Democratic policy proposals recognize the hegemony of the healthcare lobby and the heft of its war chest. The proposals offered by Democratic Presidential candidates, with the exception of long-shot Dennis Kucinich (who proposes single payor), are a sop to the insurance industry. Instead of “cutting out the middleman” and expanding government healthcare plans, these Democratic proposals will funnel government funds to purchase health benefits for the uninsured. Rewarding failure. That is what America seems best at.

THE AUTHOR’S PROPOSAL.

Medicare Part E (Everyone).
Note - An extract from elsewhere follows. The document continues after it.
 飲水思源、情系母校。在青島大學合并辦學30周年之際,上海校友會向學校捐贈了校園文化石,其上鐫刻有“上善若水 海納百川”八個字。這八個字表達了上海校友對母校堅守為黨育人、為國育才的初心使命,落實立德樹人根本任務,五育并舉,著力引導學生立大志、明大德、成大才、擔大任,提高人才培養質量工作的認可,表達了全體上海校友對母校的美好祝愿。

Medicare would be expanded to everyone in the US. No private market alternatives.

Medicare primarily covers seniors, but since Medicare covers SSI participants, it can and does administer benefits for working-age adults, including pregnancy and family planning coverage. Pediatric benefits would be relatively simple to incorporate into Medicare E. And Medicare E would also contain a drug benefit where the Medicare program would negotiate prices with the pharmaceutical manufacturers. It is that simple.

Insurance companies would not all go out of business, however. The Medicare program would continue to contract with them for claims, case management, and benefit administration services. At cutthroat prices. Halliburton and Bechtel need not apply.

Medicaid, a grossly complex mess of state systems, each with its own labyrinthine rules, would end. The Medicaid Long Term care programs would be pulled into Medicare Part E with roughly the same coverage and impoverishment requirements.

Politically impossible, but administratively simple. Universal care. Cradle to grave.

And the cost of healthcare would decrease as the administrative costs (insurance companies, brokers, agents, other assorted parasites) are eliminated. And with the government exercising monopsony power over healthcare providers, prices would fall. Providers would have no other choice. Get more efficient, or get out of the business. That is the lesson of capitalism providers never had to learn. Under Medicare Part E, they will have to learn fast.

MOST EVERY LESSON IS A HARD ONE IN THE DESERT OF THE REAL!